FALL 2024 GRADUATE COURSE OFFERINGS

GRADUATE ENGLISH FLIER
FALL 2024

ENG. 110: INTRODUCTION TO THE PROFESSION (70882)
T. 5:00 – 7:00 PM HYBRID: IN PERSON AND SOMETIMES SYNCHRONOUS ONLINE
Dr. Steve Mentz
Email: mentzs@stjohns.edu

This course introduces students to graduate work in English as a discourse, a community,
and an active practice. We will explore tools and techniques for scholarly research,
practice strategies for successful academic writing and presentation, and discuss
pedagogical models and methods. MA and PhD students are welcome. The course will
alternate between in-person and Zoom meetings. There will also be some optional “Field
Seminar” events either on campus or around New York City
For more information, contact Dr. Steve Mentz, mentzs@stjohns.edu.

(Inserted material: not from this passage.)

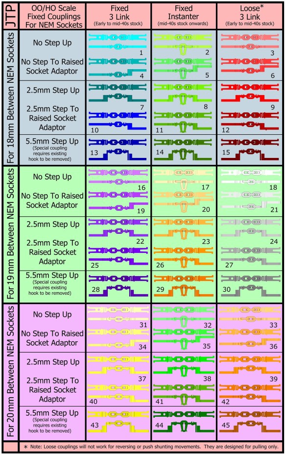 Containing one of each type: 1, 2, 3, 4, 5, 6, 7, 8, 9, 10, 11, 12, 13, 14 & 15. This set covers all the couplings in the short, 18mm, range including the special Big Step-Up couplings designed to raise the coupling to the correct height and the 3 Link Loose couplings. Please note both the Big Step-Up & 3 Link Loose couplings do not work as normal couplings; please see the individual type descriptions below.

ENG. 130: INTRODUCTION TO LITERACY STUDIES (75314)
LITERACY AS PRAXIS
M. 5:00 – 7:00 PM
Dr. Steven Alvarez
Email: alvares1@stjohns.edu

This course will be an overview to the field of literacy studies, focusing on the study of
literacy as praxis informed by social theory. Literacy as praxis posits that individuals
perform from their language repertoires to make existential changes in their
sociohistorical circumstances. From this position, we will examine literacy not as
decontextualized rote skills, but, rather, as transformative actions communities enact
when forming liberatory solidarities in different situations. Readings for the course will
include works by Pierre Bourdieu, bell hooks, Shirley Brice Heath, Antero Garcia,
Valerie Kinloch, Paolo Freire, Ofelia García, and Anne Haas Dyson.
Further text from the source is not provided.